-- INFORMATION SUPPLIED follows --

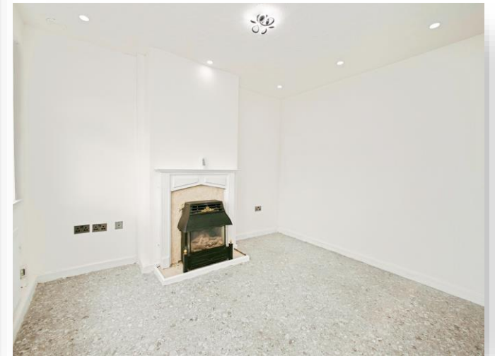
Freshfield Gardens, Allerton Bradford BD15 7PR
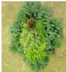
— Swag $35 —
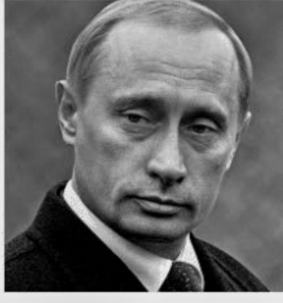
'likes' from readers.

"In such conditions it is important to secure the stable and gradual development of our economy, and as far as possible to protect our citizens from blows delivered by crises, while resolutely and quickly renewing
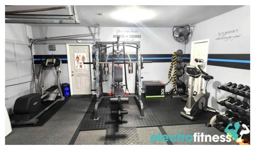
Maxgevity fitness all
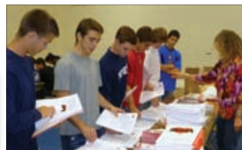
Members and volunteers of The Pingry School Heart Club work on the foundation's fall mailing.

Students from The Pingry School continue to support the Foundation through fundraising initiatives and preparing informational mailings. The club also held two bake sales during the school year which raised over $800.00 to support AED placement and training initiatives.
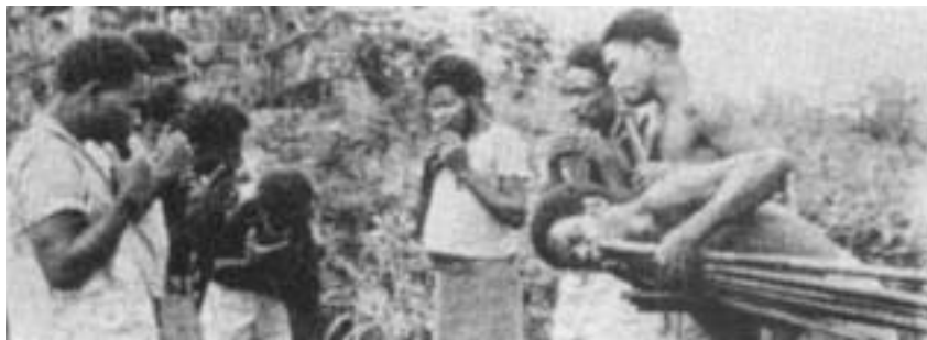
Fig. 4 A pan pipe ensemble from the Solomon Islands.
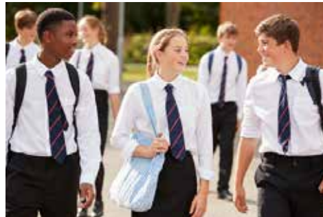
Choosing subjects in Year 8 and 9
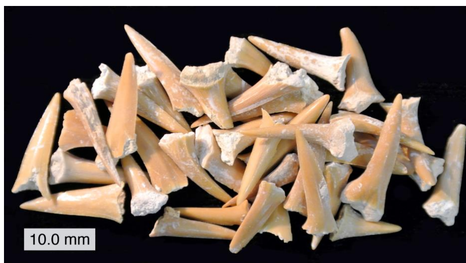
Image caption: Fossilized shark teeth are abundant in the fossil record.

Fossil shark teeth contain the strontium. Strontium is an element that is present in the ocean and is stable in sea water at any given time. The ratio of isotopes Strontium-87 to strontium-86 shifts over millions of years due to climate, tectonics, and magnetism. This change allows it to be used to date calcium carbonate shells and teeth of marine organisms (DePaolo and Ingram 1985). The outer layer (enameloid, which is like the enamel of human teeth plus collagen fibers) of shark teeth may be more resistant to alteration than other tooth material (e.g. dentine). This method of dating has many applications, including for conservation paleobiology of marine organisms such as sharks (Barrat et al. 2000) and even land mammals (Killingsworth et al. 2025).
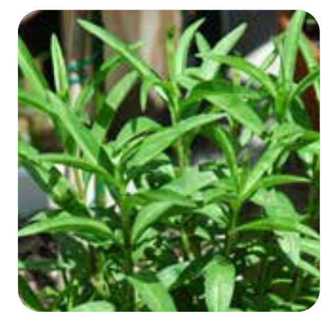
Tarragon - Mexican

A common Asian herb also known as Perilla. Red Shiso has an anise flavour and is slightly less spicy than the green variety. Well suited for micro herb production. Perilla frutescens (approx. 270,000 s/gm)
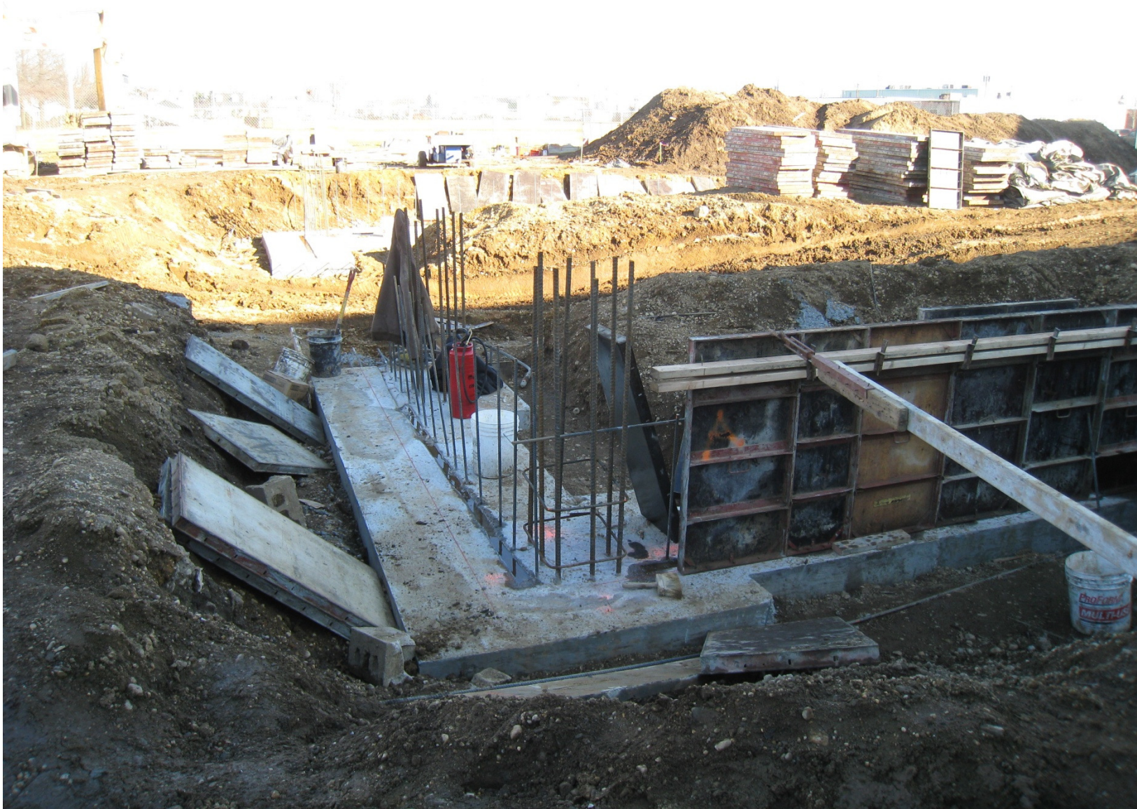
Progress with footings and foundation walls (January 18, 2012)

-- INFORMATION SUPPLIED concluded --
-- INFORMATION SUPPLIED follows --

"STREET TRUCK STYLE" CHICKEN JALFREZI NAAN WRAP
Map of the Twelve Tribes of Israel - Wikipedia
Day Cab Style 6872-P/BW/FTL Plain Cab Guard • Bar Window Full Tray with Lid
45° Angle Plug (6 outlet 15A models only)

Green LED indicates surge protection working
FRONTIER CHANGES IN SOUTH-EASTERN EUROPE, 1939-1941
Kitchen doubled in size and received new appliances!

-- INFORMATION SUPPLIED concluded --
-- INFORMATION SUPPLIED follows --

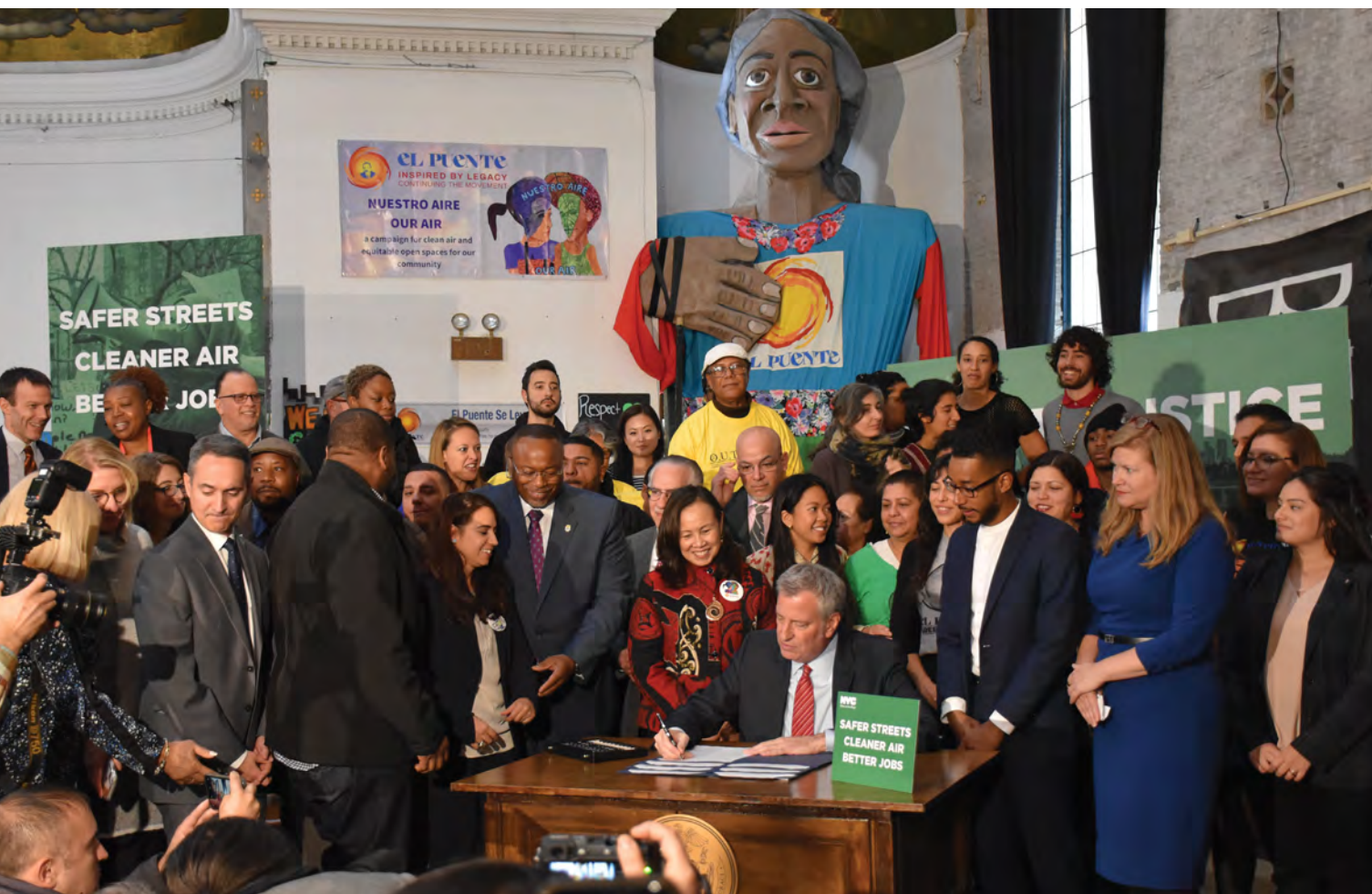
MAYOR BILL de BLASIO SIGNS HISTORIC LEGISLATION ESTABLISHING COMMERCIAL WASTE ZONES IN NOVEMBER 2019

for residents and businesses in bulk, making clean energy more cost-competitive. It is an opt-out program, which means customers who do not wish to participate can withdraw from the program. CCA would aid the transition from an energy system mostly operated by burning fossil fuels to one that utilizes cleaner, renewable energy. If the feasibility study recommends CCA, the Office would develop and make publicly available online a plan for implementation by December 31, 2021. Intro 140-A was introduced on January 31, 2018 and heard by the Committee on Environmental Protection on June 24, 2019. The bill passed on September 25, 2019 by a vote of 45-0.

-- INFORMATION SUPPLIED concluded --

*WORK TO BE COMPLETED*:
Starting at the line above that contains "Day Cab Style", repeat each line exactly up to and including the line that contains "Kitchen doubled in", and stop there.

*SOLUTION BELOW*:
Day Cab Style 6872-P/BW/FTL Plain Cab Guard • Bar Window Full Tray with Lid
45° Angle Plug (6 outlet 15A models only)

Green LED indicates surge protection working
FRONTIER CHANGES IN SOUTH-EASTERN EUROPE, 1939-1941
Kitchen doubled in size and received new appliances!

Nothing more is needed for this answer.